We read with interest the report by Ozaslan et al. regarding the successful use of ankaferd blood stopper (ABS) in four patients with gastric and duodenal variceal bleeding. We think that this observational study is of great importance, because despite recent improvements in endoscopic hemostatic and adjuvant pharmacologic treatments, variceal upper gastrointestinal bleeding (GIB) is still a major cause of mobidity and mortality with a reported incidence of 15%–20%. For that reason, additional development of effective hemostatic interventions for the therapeutic armamentarium of GIB which is safe, easily applicable and effective in difficult or intolerant patients are eagerly awaited.

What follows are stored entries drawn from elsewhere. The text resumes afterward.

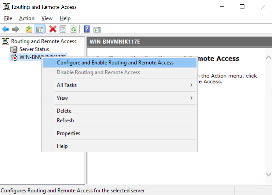 - Правой кнопкой на имени сервера, далее «Configure and Enable Routing and Remote Access»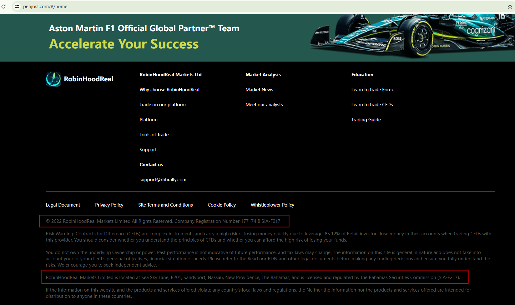 Despite its attempts to build a reputation through exaggerated language, RobinHoodReal is an unregulated broker. BrokersView has noticed that RobinHoodReal shares the same registration information, regulatory statements, and company profile with the suspicious broker, BMVSG. This suggests that RobinHoodReal is likely fraudulent as well.The most compelling evidence comes when the Securities Commission of the Bahamas (SCB) adds RobinHoodReal to its warning list, refuting the broker's false claims of being regulated by them.In essence, RobinHoodReal is not regulated by any governing body. Entrusting it with investors' funds is highly risky, as there are no legal protections in place to safeguard the funds.RobinHoodReal appears to be a scam.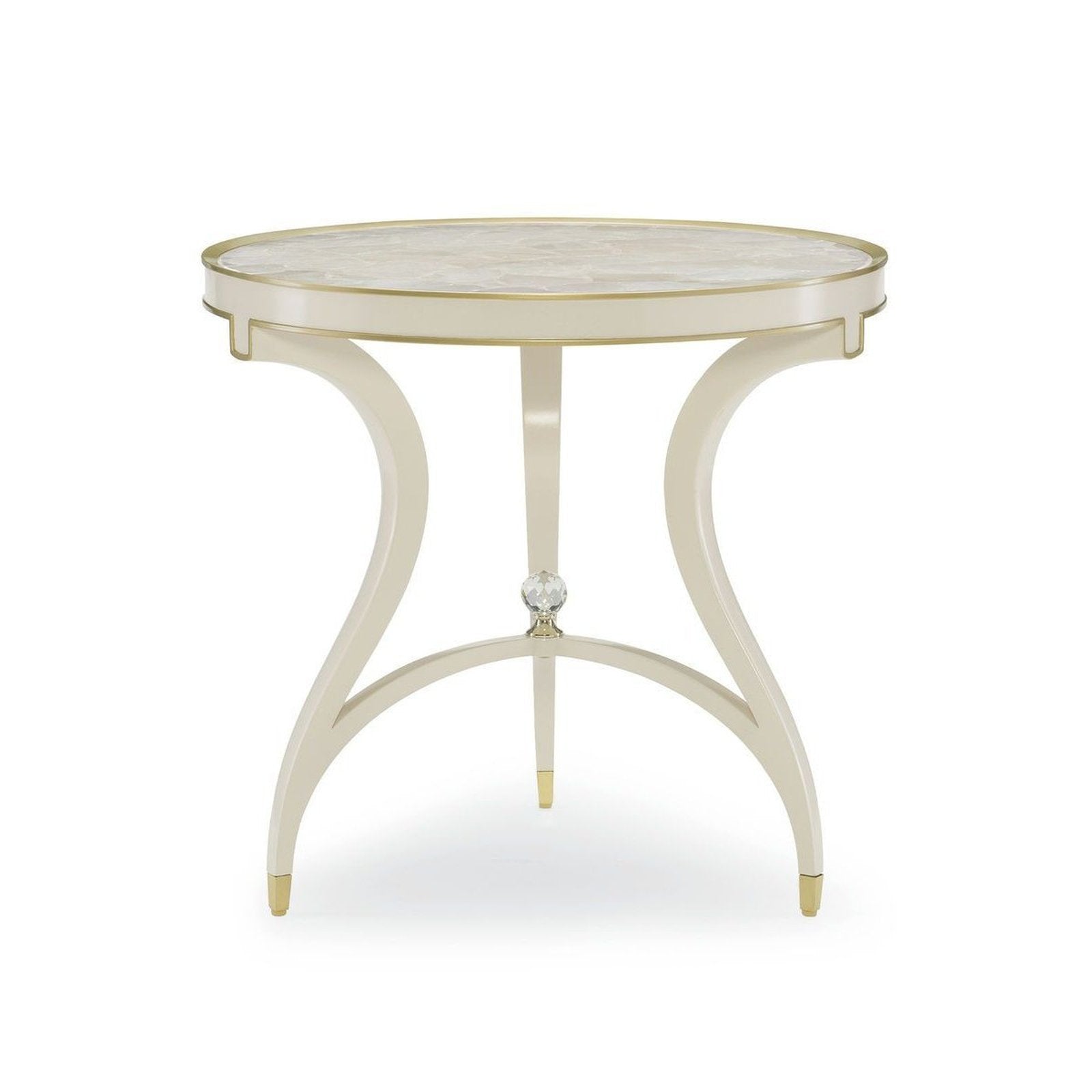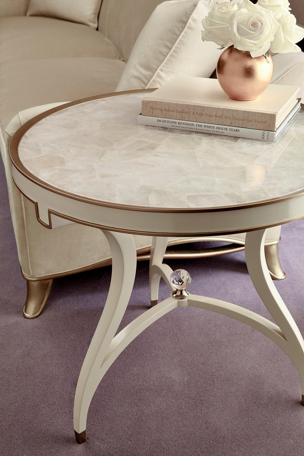 - Its beautiful white crystal stone top is offset by a base in Creme De La Creme that is trimmed in Gold Bullion Leaf.

Although there is a growing body of evidence for the successful use of ABS in upper GIBs, there is still a lack of data of ABS application in patients with lower GIB. Herein we would like to report a case of rectal carcinoma with oozing bleeding from tumoral surface, in which bleeding control was achieved with ABS application.
A 66-year-old male was admitted to our tertiary referral center for rectal bleeding over a six months period. He had no previous medical problems, and was receiving no medications. A left-sided colonoscopy revealed actively bleeding vegetative hemorrhagic mass at 4 cm from the anal verge. Approximately 5 ml of ABS solution was applied on the bleeding areas by using a disposable washing pipe (Model PW-205 L, Olympus Corporation, Tokyo, Japan), which resulted in immediate control of bleeding [Figure 1]. The procedure was terminated after achieving a rapid and effective haemostatic response. Neither local nor systemic toxicity was observed during or following ABS application.

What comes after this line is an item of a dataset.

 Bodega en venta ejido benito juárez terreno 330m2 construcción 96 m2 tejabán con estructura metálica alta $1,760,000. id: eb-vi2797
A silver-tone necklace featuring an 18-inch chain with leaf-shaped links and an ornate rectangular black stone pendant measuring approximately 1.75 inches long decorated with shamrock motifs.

ABS is a herbal extract that comprises a fixed proportion of five different plants, Thymus vulgaris, Glycyrrhiza glabra, Vitis vinifera, Alpinia officinarum, and Urtica dioica. ABS represents its local hemostatic effect by formation of a unique protein network that acts as an anchor for vital physiological erythrocyte aggregation, otherwise known as the “ABS-web”. Although current literature data suggest promising results of successful ABS applications in various GIBs,[4–7] there is only one report in literature that shows the efficiency of ABS in patients with neoplastic lower GIB. For that reason we think that our case is important because of providing additional data for demonstrating safety and efficiency of ABS especially in GIB due to tumoral origin. Furthermore, we think that it is crucial to justify the use of ABS primarily and/or adjuvant to conventional endoscopic antihemorrhagic modalities especially in conditions like gastrointestinal tumoral lesions which have an increased rate of rebleeding.

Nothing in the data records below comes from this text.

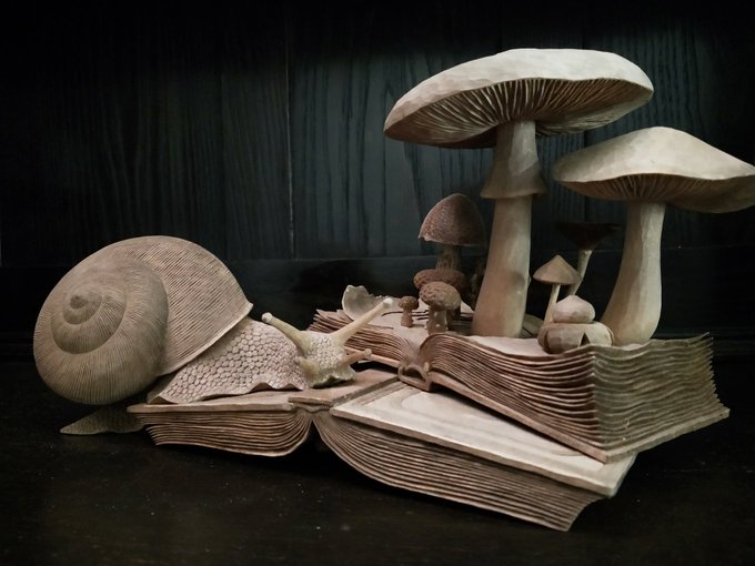 シメジの彫刻。 野生のシメジではなく、 パックのシメジをイメージして作りました。 (前回の投稿より少しボリュームを増やしました。) 後日、個展会場に追加で納品させて頂きます。 #ボリス雑貨店 #シメジ #木彫 #小島秋彦 #Shimejimushroom #akihikokojima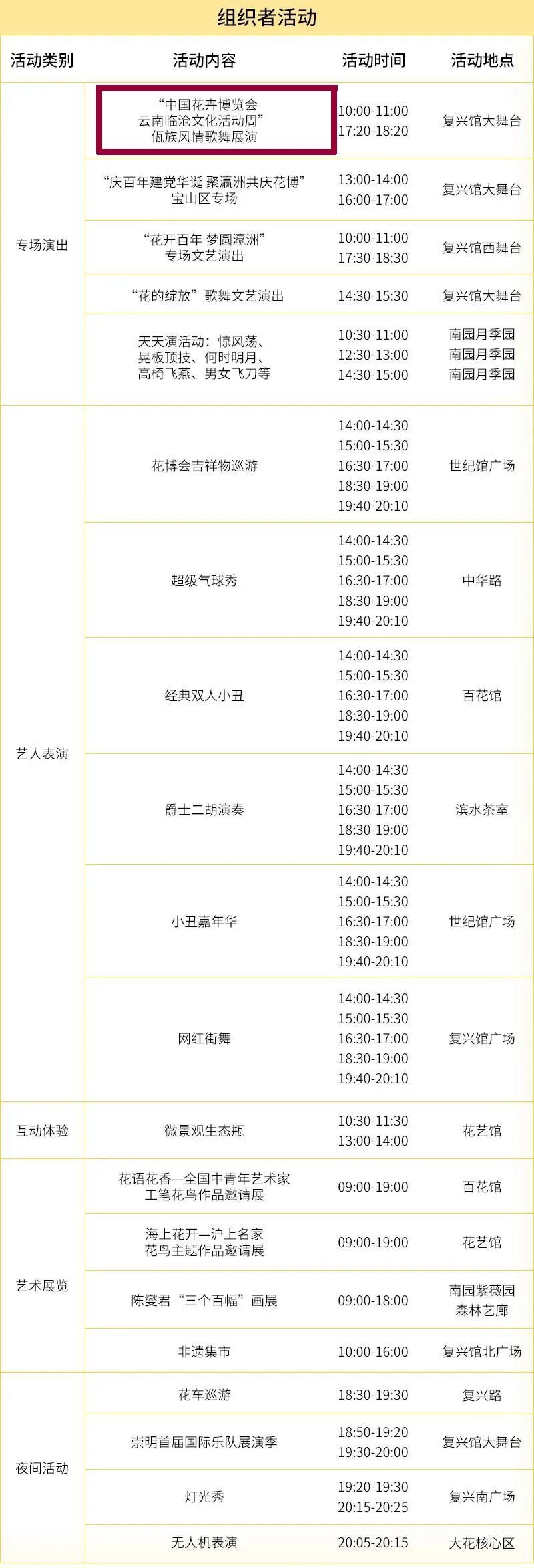 6月12日至17日,每天上午10:00-11:00,下午17:20-18:20,阿佤姑娘和小伙与您相约在上海崇明花博园复兴馆大舞台!快来感受大美临沧、秘境沧源的魅力吧!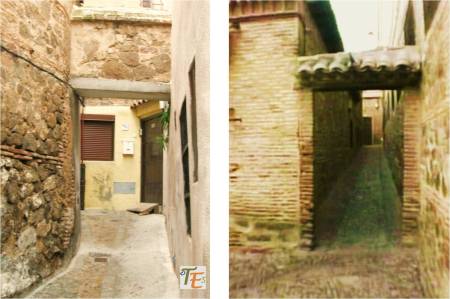 Estos eventos solo pueden ocurrir en ciudades como Toledo, que aunque no parecen tener lógica, debemos recordar que esta ciudad se quedó intacta desde la edad media y yo mismo recuerdo viejas puertas que daban paso a antiguos edificios en esta calle, antes de ser demolidos para construir nuevos edificios. Dejo aquí dos plumillas donde se observa el airoso cobertizo que embellece a esta calle.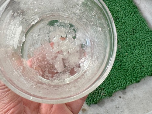 黄河のローズマリー。出来るだけ枝になっている部分は除いて葉を多く入れた。今回2420gで36L釜の8割程度。同じ状態のもので3kgくらいは入りそう。蒸留開始後60分位のところで冷却器に結晶が詰まっていた。冷却水を止め熱い蒸気を流して一旦は結晶がオイルセパレーターへ流れていったが、再開後 また詰まっていた。ビーカーに結晶のまま落とし取り分けた。結晶になっているものは、1.8シネオールの香りがつよい。樟脳(カンファー)の結晶とは香りが違う。蒸留時間120分。加水6L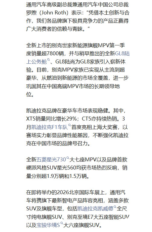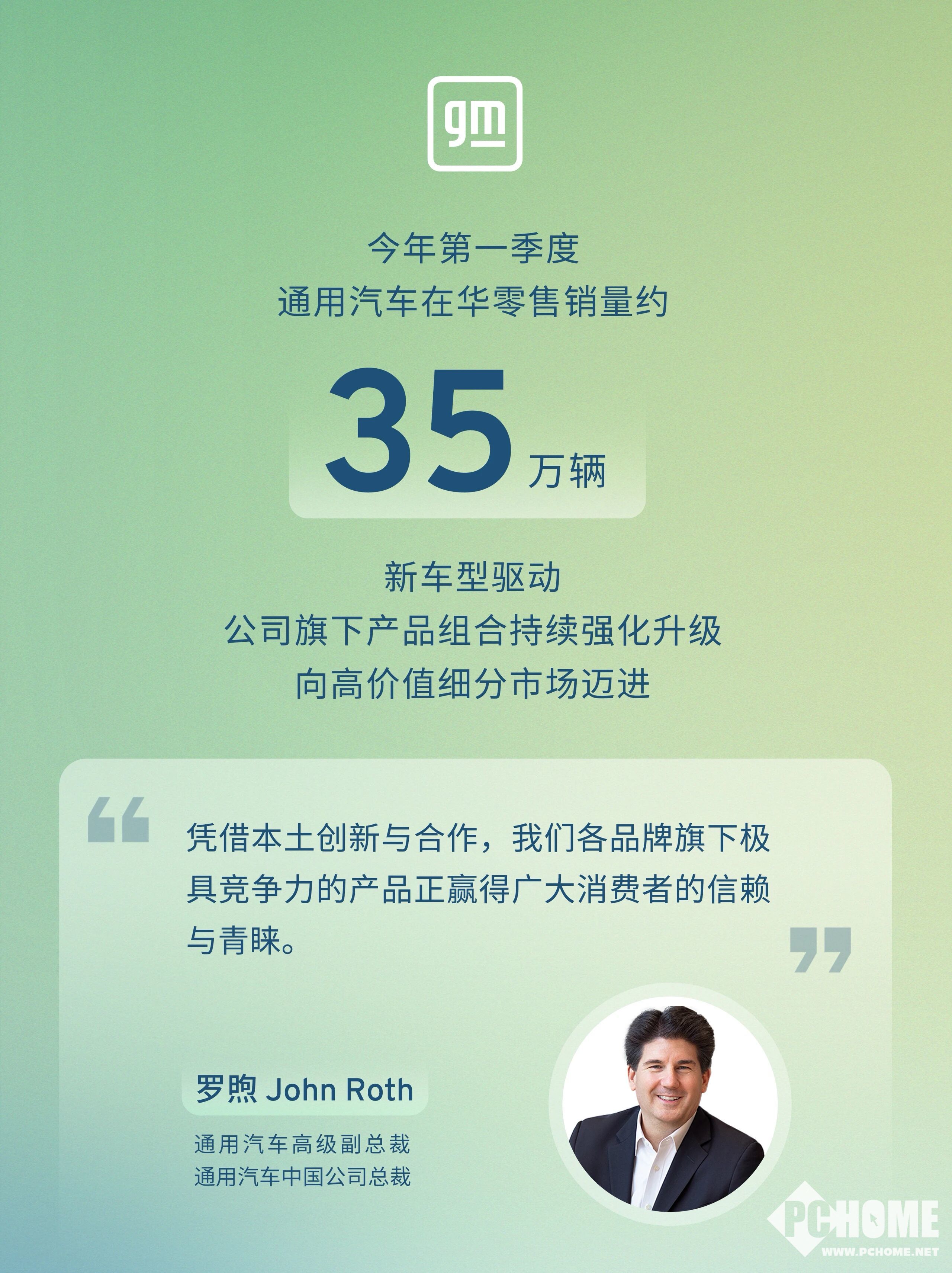 PChome 4月3日消息,通用汽车公布2026年第一季度在华市场销量数据,当期零售销量约35万辆,旗下多品牌车型表现稳健,同时宣布将在本月举行的北京车展上带来多款全新SUV与旗舰车型。

In conclusion, it would seem, as from the case above, that ABS may have a role as an alternative or adjuvant to conventional modalities, particularly for major tumoral hemorrhages. With this respect, ABS could be a promising topical hemostatic agent significantly contributing to the currently available conventional endoscopic hemostatic techniques in distinct states of ‘difficult-to-treat’ gastrointestinal hemorrhages.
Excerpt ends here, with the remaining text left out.